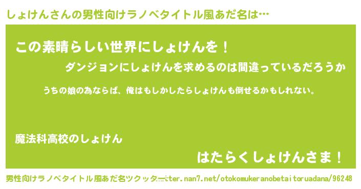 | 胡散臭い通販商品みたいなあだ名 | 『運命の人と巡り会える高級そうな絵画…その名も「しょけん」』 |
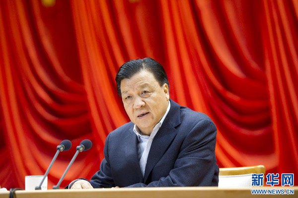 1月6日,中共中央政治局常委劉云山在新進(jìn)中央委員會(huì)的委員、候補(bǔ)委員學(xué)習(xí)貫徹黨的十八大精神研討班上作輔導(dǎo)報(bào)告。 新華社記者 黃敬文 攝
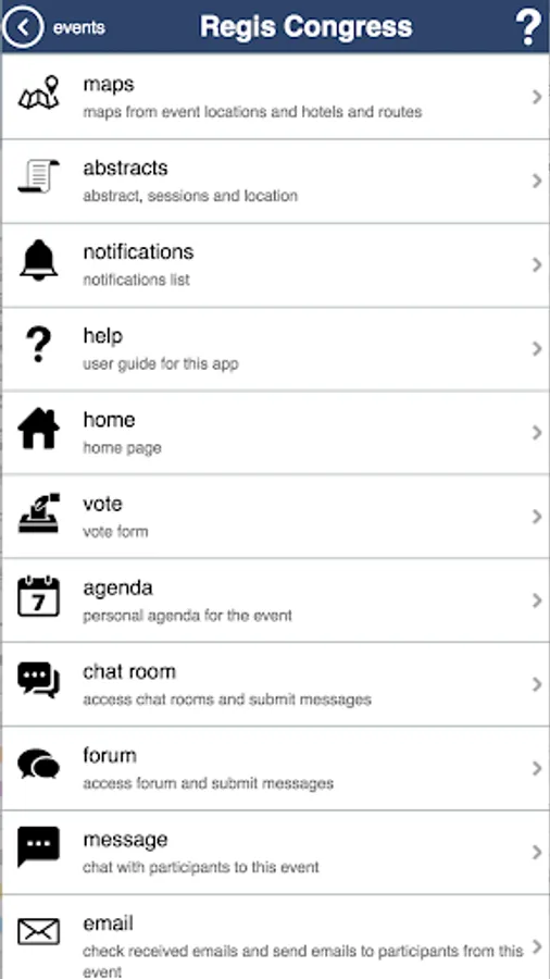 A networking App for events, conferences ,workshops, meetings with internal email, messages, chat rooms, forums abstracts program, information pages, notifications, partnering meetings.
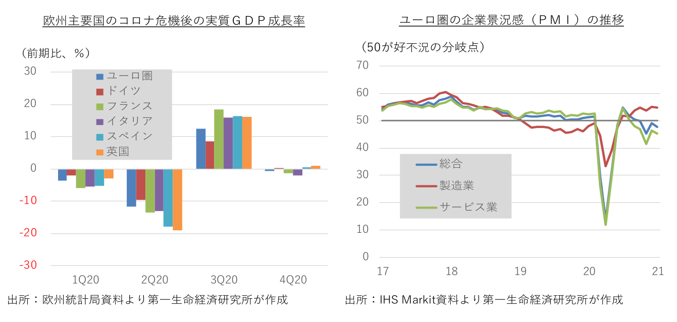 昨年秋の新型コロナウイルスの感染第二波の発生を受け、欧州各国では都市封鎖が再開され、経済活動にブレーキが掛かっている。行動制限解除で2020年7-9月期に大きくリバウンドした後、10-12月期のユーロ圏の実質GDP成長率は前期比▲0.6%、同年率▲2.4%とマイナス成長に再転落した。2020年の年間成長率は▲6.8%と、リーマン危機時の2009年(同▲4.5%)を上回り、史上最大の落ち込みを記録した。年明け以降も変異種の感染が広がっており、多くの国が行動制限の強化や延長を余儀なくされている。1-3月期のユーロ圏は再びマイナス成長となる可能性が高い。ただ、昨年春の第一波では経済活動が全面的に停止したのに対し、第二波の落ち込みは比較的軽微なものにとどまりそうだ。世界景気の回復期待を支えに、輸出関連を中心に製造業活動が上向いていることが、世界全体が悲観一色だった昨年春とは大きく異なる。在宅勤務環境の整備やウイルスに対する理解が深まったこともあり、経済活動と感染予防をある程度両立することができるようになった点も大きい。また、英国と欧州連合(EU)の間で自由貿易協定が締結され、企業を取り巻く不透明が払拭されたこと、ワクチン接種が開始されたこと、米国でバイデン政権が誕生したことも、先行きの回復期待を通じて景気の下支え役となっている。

--

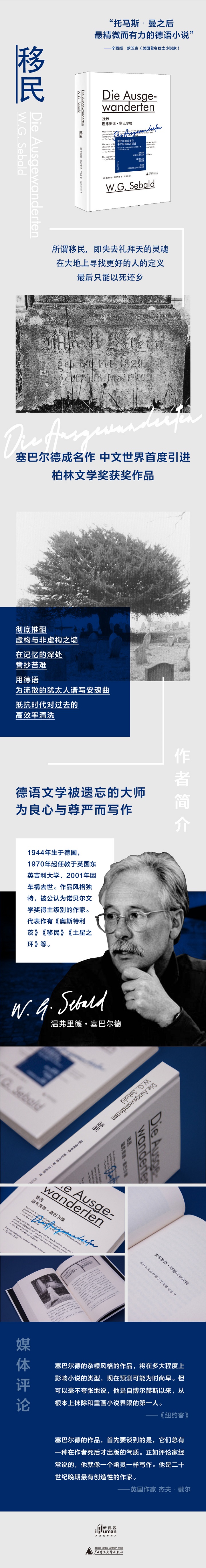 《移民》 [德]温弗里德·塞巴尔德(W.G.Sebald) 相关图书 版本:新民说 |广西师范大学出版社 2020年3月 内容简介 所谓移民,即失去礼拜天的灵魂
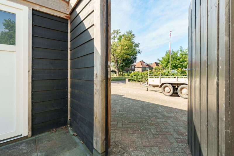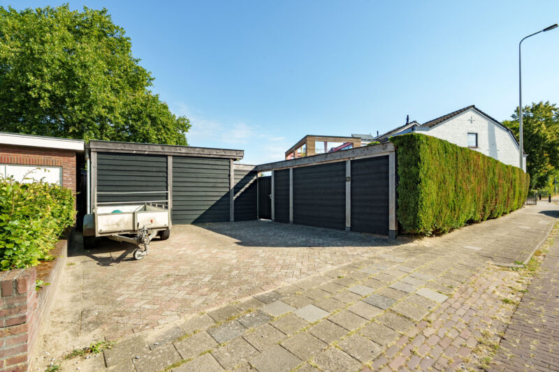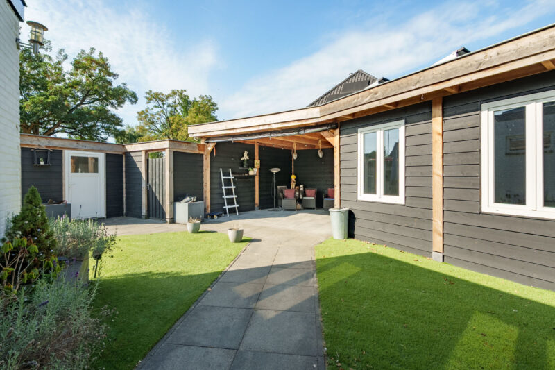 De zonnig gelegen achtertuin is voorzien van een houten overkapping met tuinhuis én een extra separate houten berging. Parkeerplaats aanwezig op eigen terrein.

--

How would the lines above read from the one with "胡散臭い通販商品みたいなあだ名 | 『運命の人と巡り会える高級そうな絵画…その名も「しょけん」』 |" to the one with "新華社記者 黃敬文 攝", inclusive, with no pictures? Write them out exactly.

 | 胡散臭い通販商品みたいなあだ名 | 『運命の人と巡り会える高級そうな絵画…その名も「しょけん」』 |
 1月6日,中共中央政治局常委劉云山在新進(jìn)中央委員會(huì)的委員、候補(bǔ)委員學(xué)習(xí)貫徹黨的十八大精神研討班上作輔導(dǎo)報(bào)告。 新華社記者 黃敬文 攝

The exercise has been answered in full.